As they work in silicon valley they probably already wear skinny jeans so are half way there


----------



## Danm (Jan 26, 2012)

Think about it some more . In cup 'mojo' connected to something that can control the rate of water being added and the rate of drip .... Probably not that difficult for greater minds and could likely produce a brilliant cup.


----------



## garydyke1 (Mar 9, 2011)

I will refrain from commenting until someone I respect has tasted its output.

It looks like a pain to descale : )

Where does the grinder come into this picture???


----------



## RoloD (Oct 13, 2010)

...because it's techno-fetish

making a cup of coffee really doesn't have to be that complicated


----------



## synthet1k (Dec 17, 2011)

RoloD said:


> Ten grand to make a cup of coffee. Get a fucking life.


Amen to that. Way over the top. If I made a cup using a Bialetti stove-top, and one using the 10k machine your average person wouldn't be able to tell the difference.


----------



## MWJB (Feb 28, 2012)

It looks interesting, technically, if not so much aesthetically.

It seems to be aimed at users that have no/little experience of brewing coffee and simply eliminates some variables...like a brew, by the cup Aeropress with preset temp & brew time.
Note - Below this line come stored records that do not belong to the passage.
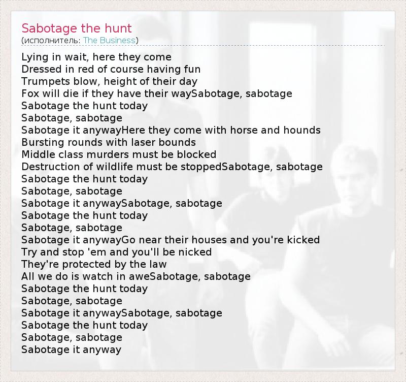 А как ты думаешь, о чем песня "Sabotage the hunt" ?
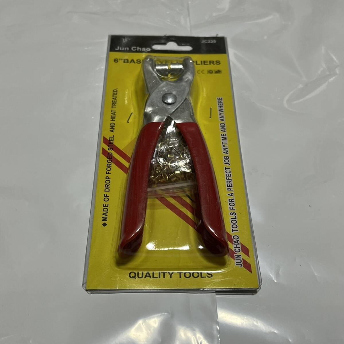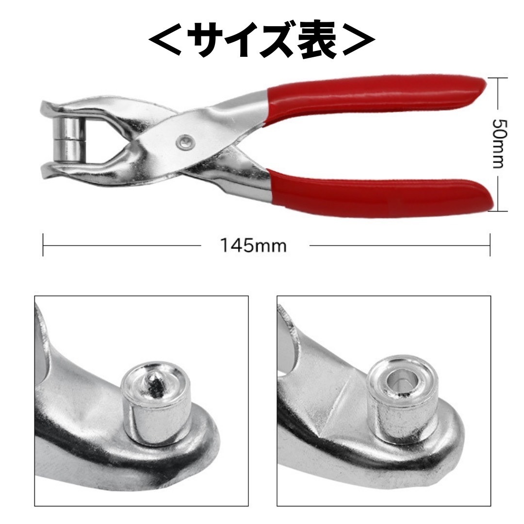 ハトメパンチはプライヤー式で、1度のプレスでリベットをしっかりと取り付けられます。初めての方でも簡単に使用することが可能です。
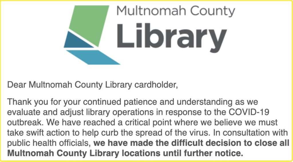 俄勒冈摩特诺玛县图书馆星期五发邮件给所有会员称,在与公共卫生官员协商后,他们做出了艰难的决定,关闭所有的摩特诺玛县图书馆,直至另行通知。
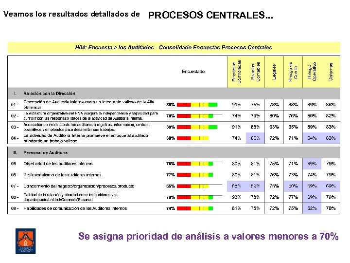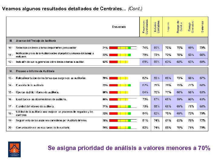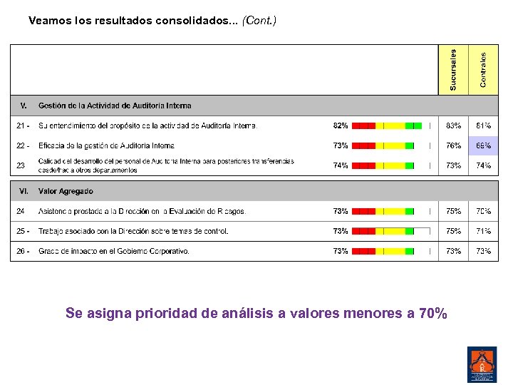 Veamos los resultados consolidados. . . (Cont. ) Se asigna prioridad de análisis a valores menores a 70%
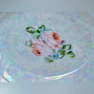 Vintage Rose Trinket Dish Iridescent Lusterware Hand Painted Floral Cottage Core
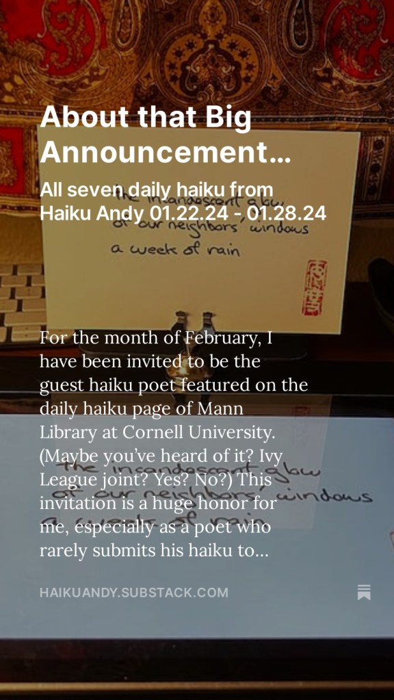 Every month, Cornell University’s Mann Library features a guest haiku poet for its Daily Haiku. I will be the guest poet for February. A huge honor for me. A real milestone in my haiku career.
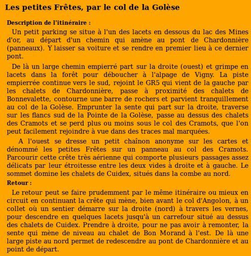| Sommet(s) franchi(s) : Les petites Frêtes. | Col(s) franchi(s) : Col des Cramots, Col de la Golèse. |
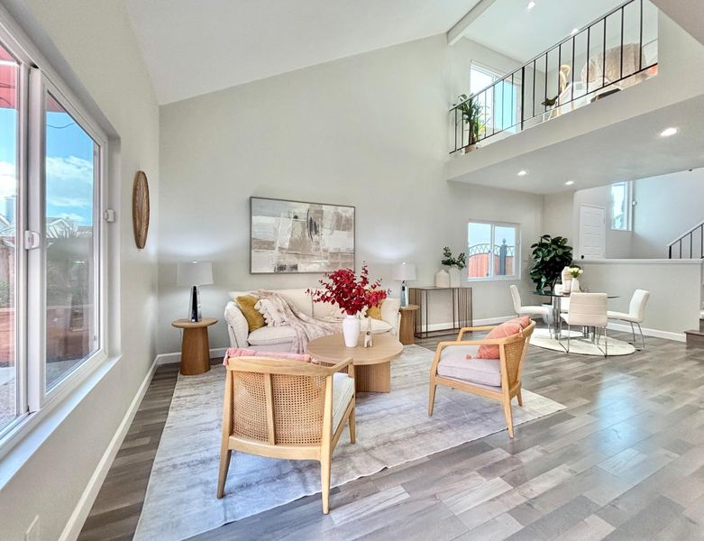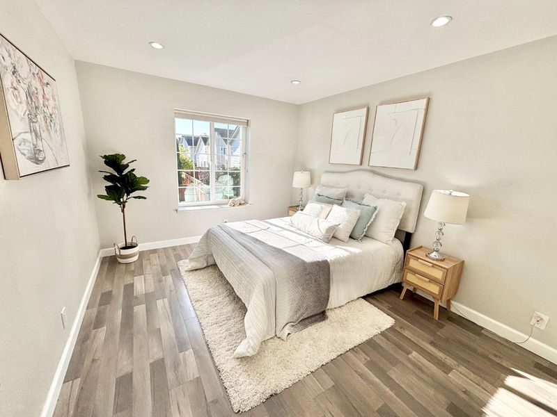 Rarely available beautifully updated single-family in highly sought-after Ardenwood community. Built in 1988, this thoughtfully designed 4BD/2.5BA end-unit offers a larger lot and no shared walls for added privacy. Bright living room with soaring vaulted ceiling and great natural lights. Open-concept kitchen features quartz countertops,soft-close cabinetry, quality appliances, and abundant storage, flowing seamlessly into the dining area and backyard. Spacious primary bedroom with vaulted ceiling overlooks the customized "Rose Garden". Primary bath includes double-sink floating vanity, luxuary soaking tub, and separate shower. Step outside to your own curated backyard oasisa customized "Rose Garden" with an irrigation system, water fountain feature, flower beds, and solar lighting. With a wide variety of roses throughout the yard, this space is perfect for relaxation. Updated flooring, dual-pane windows/doors, newer garage door, newer water heater, and RO water filter. Side-by-side 2-car garage with driveway parking and ample guest parking.Top-rated schools with TEST SCORE 10 (buyer to verify): Forest Park Elementary, Thornton Middle, American High. Minutes to Ardenwood Historic Farm, Hwy 84 (Dumbarton Bridge), and I-880. Easy commute to major companies-Meta/Google/Tesla/Lucid!
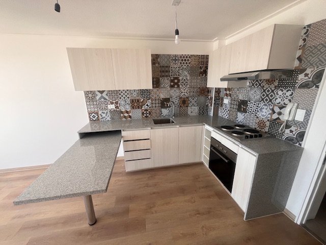 Cocina equipada con campana, horno y encimera eléctrica
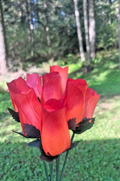 Tired of your fresh flowers wilting? Have a wedding or prom coming up? These roses make beautiful decorations, bouquets and centerpieces. These wooden rosebuds are made from thin pieces of birch wood. Each one goes through a dye process making each stem truly unique!
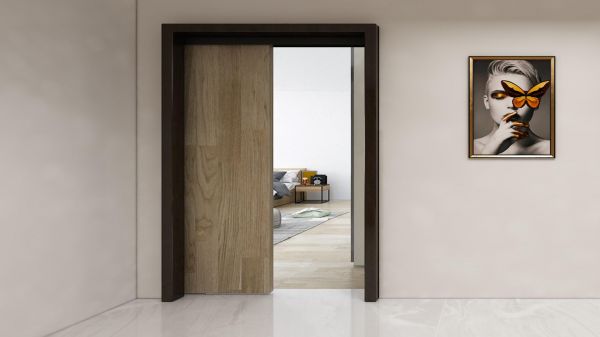针对传统“口袋门”(入墙式推拉门)研发的更加落地的产品方案,传统“口袋门”产品受施工、安装难度大,售后维修成本高风险大等因素影响,设计师、厂家、消费者都不敢用口袋门的方案,一旦出现问题就要拆墙维修,成本极高。
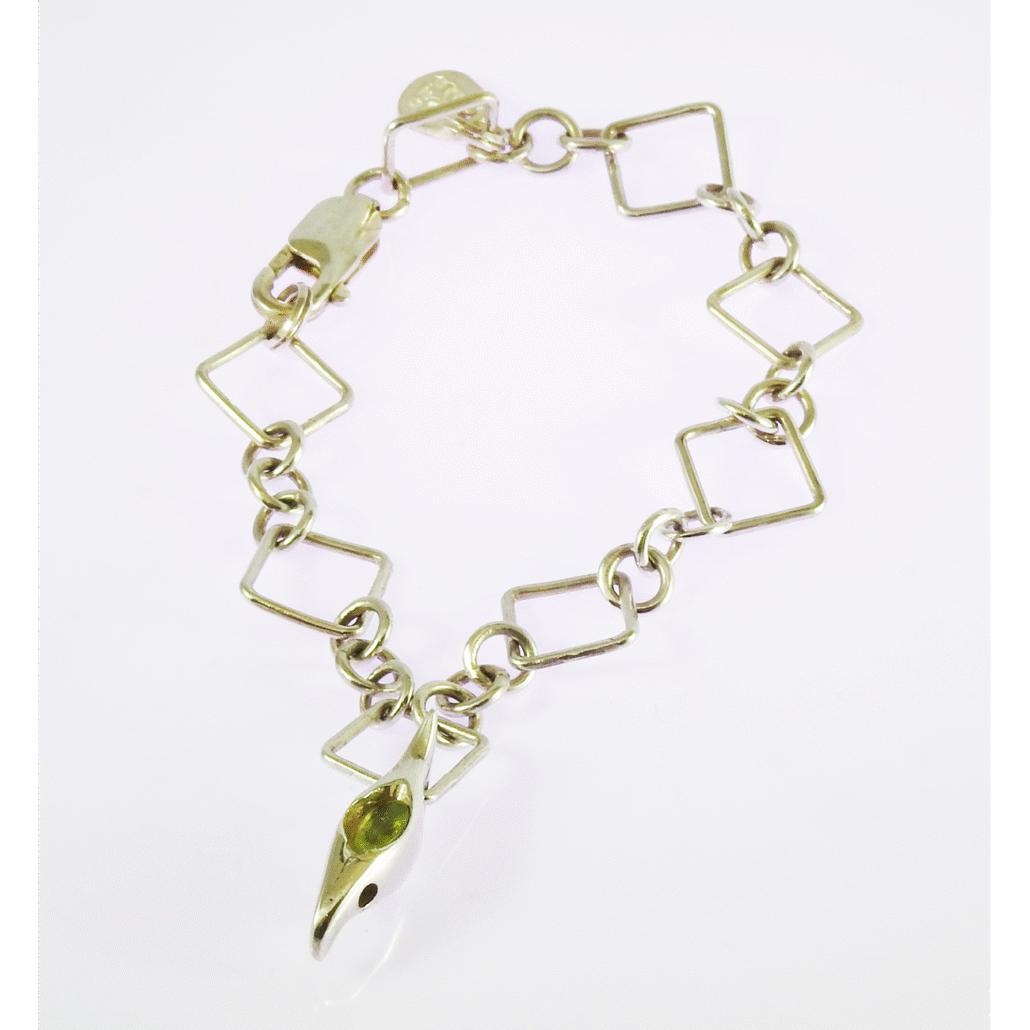 Pulsera en plata 9.25 formada por eslabones cuadrados y un colgante en forma de Zig Zag con un peridoto al centro. Se considera que el peridoto lleva en sí el color de la naturaleza y que es revitalizante
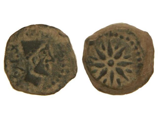 Sextante. - MALACA. - Anv.: Cabeza de Vulcano a derecha con gorro puntiagudo fileteado de puntos, detrás leyenda neopúnica. Rev.: Estrella de dieciséis rayos. 2,80 grs. Pátina verde oscura. AB-1744; G.G.-83. EBC-. - -
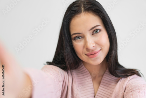 Portrait of smiling cheerful beautiful pretty asian woman clean fresh healthy white skin posing smile look at camera making live selfie on smartphone on the bed at home
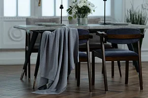 Плед из полушерстяной пряжи, поэтому прекрасно согревает и неприхотлив в уходе.
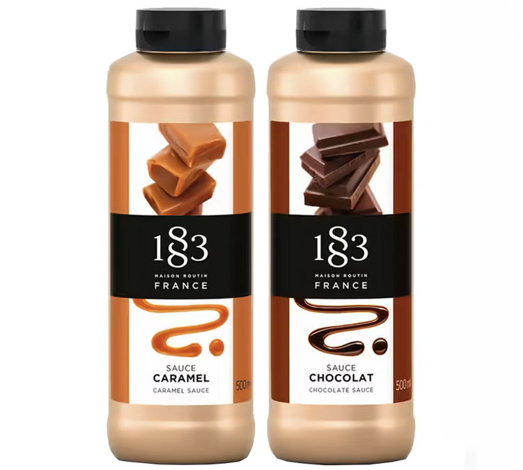 Avis client sur Lot de 2 toppings 500 ml - Caramel et chocolat noir - 1883 ROUTIN
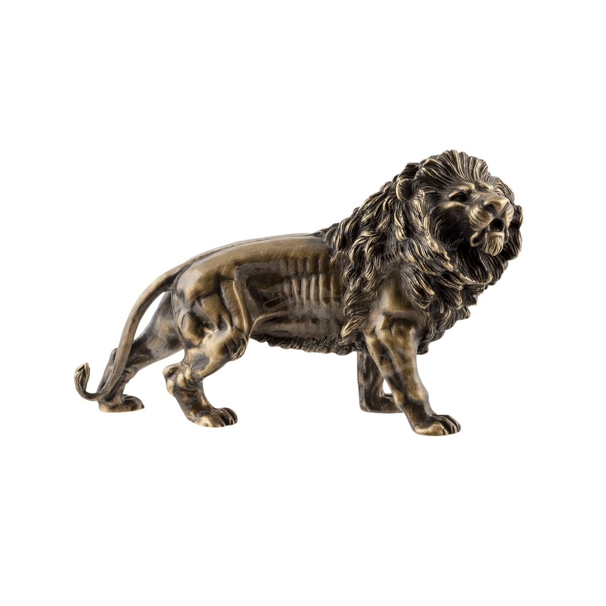 Мастерская «Калежа» изготавливает статуэтки животных дикой африканской природы. Лев может быть образцом для новых работ. Он выполнен из латуни с использованием технологии бронзового литья. Для реалистичной имитации шерсти царя зверей мы использовали чернение. Изготовление таких сувениров занимает около трех недель. Также возможно использование подготовленных заказчиком эскизов.
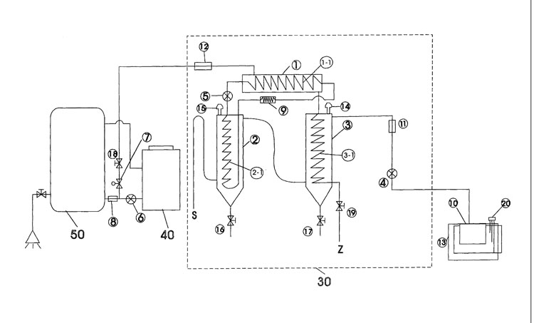2,水-水交換器的兩端分別接通廢水池和吸熱交換器的進(jìn)口。
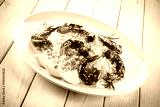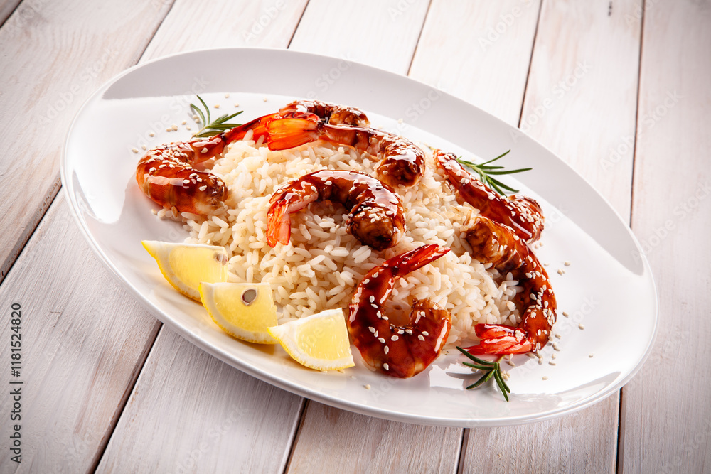 Fried shrimps with boiled white rice and sesame seeds on wooden table
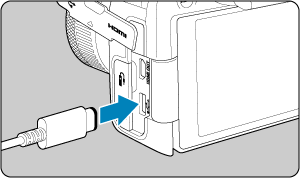 Щоб підключити камеру до електромережі без заряджання акумулятора, потрібно встановити перемикач живлення камери в положення . Однак акумулятор продовжує заряджатися під час автоматичного вимкнення живлення.
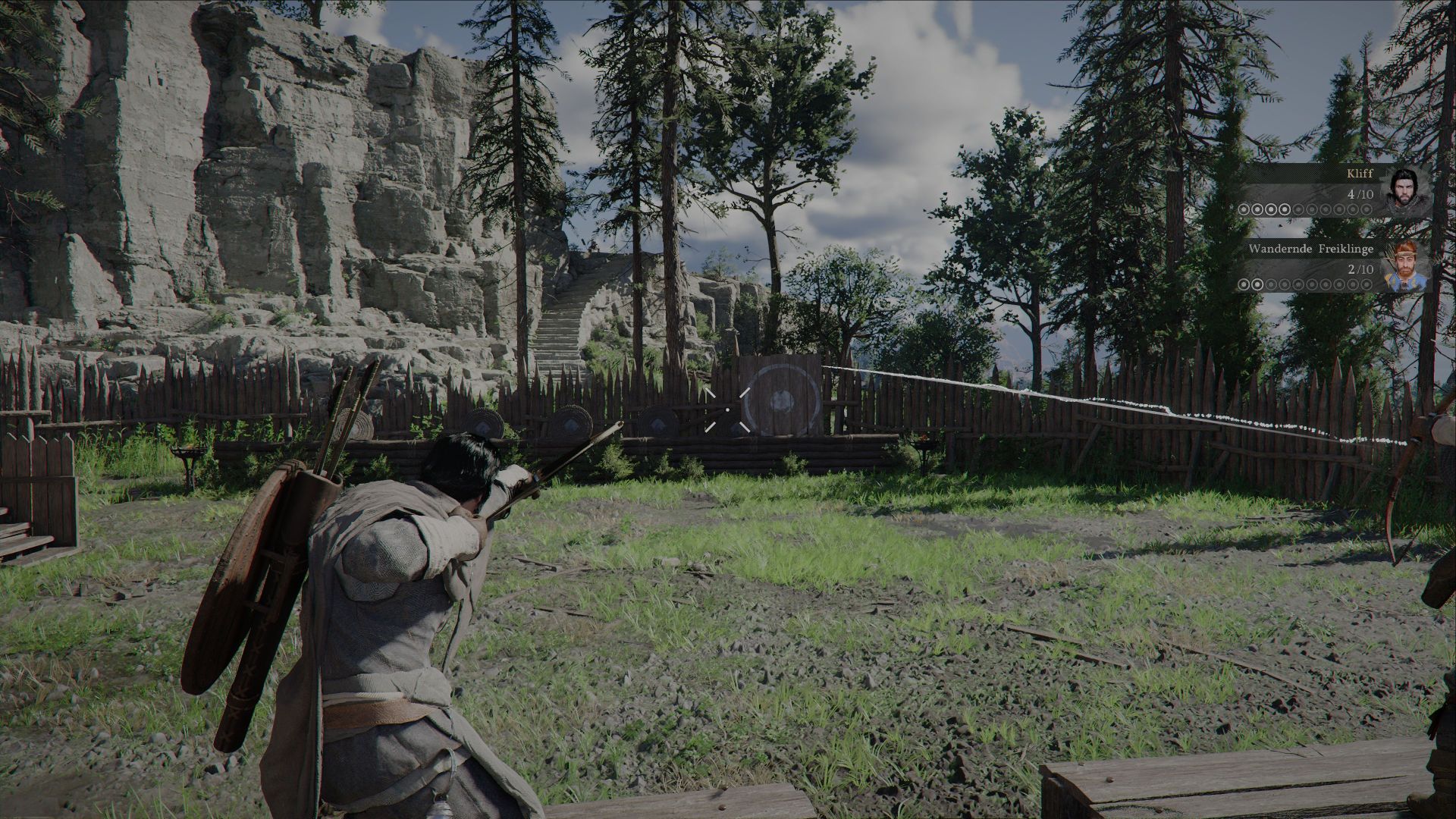 Die wahrscheinlich lohnendste Aktivität in den ersten Spielstunden ist aber der Bogenschießwettbewerb (Archery Contest). Dabei müsst ihr schneller als euer Gegner zehn zufällig auftauchende Zielscheiben treffen, was tatsächlich sehr einfach ist. Pro Runde gewinnt ihr 80 Geld und ihr könnt so oft antreten, wie ihr wollt. Ihr findet den Wettbewerb am Löwenmähne-Anwesen (Lioncrest-Manor) von Haus Alfonso nordwestlich von Hernand-Stadt.

Aimed at the commercial market...spend on commercial brewing & employ a barista, or buy a $10K machine and let the waitresses, waiters, kids working weekends operate it? Whether or not it is infallible is one thing, but I'd wager it will up strike rates for everyday users.

It would appear to utilise existing, stand alone, grinders?

http://www.blossomcoffee.com/one/#features


----------



## MWJB (Feb 28, 2012)

It's like deja vu...all over again...


----------